Cancer can diminish the enjoyment of good food. It can alter the taste of food. Treatments of chemotherapy or hormones or radiation create such an alien health routine that people can feel they are no longer in charge of their own medical destiny, the authors write.

Stuart says food can seem unimportant or undesirable during treatment, but it remains necessary.

It won't cure the cancer or radically change its course but it can make treatments easier to take, the authors say.

"Cancer and its treatment can cause loss of appetite, inability to taste, feel, or sometimes even swallow your old favorite foods. It is important to appreciate these changes and acknowledge them by finding new favorites in taste or texture that are more appealing as your treatment progresses. Eating
becomes part of your health maintenance: for instance, this book has examples of what to eat specifically for problems such as dry mouth, constipation, diarrhea, oral ulcers, weight loss or excessive gain. Our recipes span a range of nutritious basics, comfort foods, family meals and retooled gourmet dishes."

There are also meals for celebration -- "because as bleak as this process can sometimes be, there will always be moments to celebrate -- times when something goes right, the disease has let up a bit or even lost ground, the symptoms abate, you "graduate" and finish therapy, and your life becomes your
own again. This book is for those times of hope and happiness."

The book is divided into recipe groupings that address problems for the patients --nausea, weight gain or loss, constipation, diarrhea and sore mouth.

And there are tempting celebratory suggestions like Lobster Pot Pie, Chocolate Cupcakes and grownup drinks such as Green with Envy Daiquiris and LiMango Frappes.

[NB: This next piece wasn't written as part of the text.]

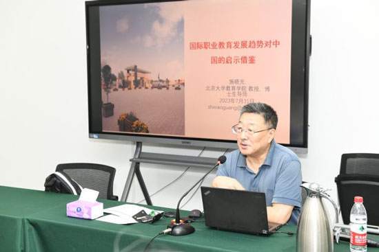 北京大學教育學院教授施曉光的講座“國際職業(yè)教育發(fā)展趨勢對中國職教改革的借鑒”立足國際視野,分析國際職業(yè)教育改革與發(fā)展的背景,闡述新職業(yè)主義觀念的形成、職業(yè)教育的關(guān)注度、職業(yè)教育制度、各國職業(yè)教育教學變革、能力為本位的職業(yè)教學模式成為主流等國際職業(yè)教育改革與發(fā)展的新趨勢,根據(jù)豐富的實踐研究,從政策出臺、制度建設(shè)、課程建設(shè)等方面闡述中國職業(yè)教育面對機遇與挑戰(zhàn)所做的探索與改革。

"The Lahey Clinic Guide to Cooking Through Cancer" ($24.95; The Countryman Press, Woodstock, Vt.)

Tuscan Bean Soup


2 tablespoons extra virgin olive oil
2 garlic cloves, minced
1 pound escarole, chopped
Salt and pepper
4 cups low-sodium chicken broth
1 (15-oz.) can cannellini beans, drained and rinsed
1 ounce Parmesan cheese, grated (1/2 cup)
2 tablespoons extra virgin olive oil


1 Heat the olive oil in a large saucepan over medium heat. Add the garlic and cook until fragrant, about 15 seconds. Add the escarole and a pinch of salt and cook until the escarole is wilted, about 2 minutes.

2. Add the broth and beans, cover, and simmer until the beans are heated through, about 15 minutes. Add the Parmesan cheese, season with salt and pepper to taste, and serve, drizzling each portion with 1 teaspoon of the extra virgin olive oil.

I'd serve with crusty bread and/or a green salad.

(For vegetarian soup, simply replace the chicken broth with low-sodium vegetable broth.)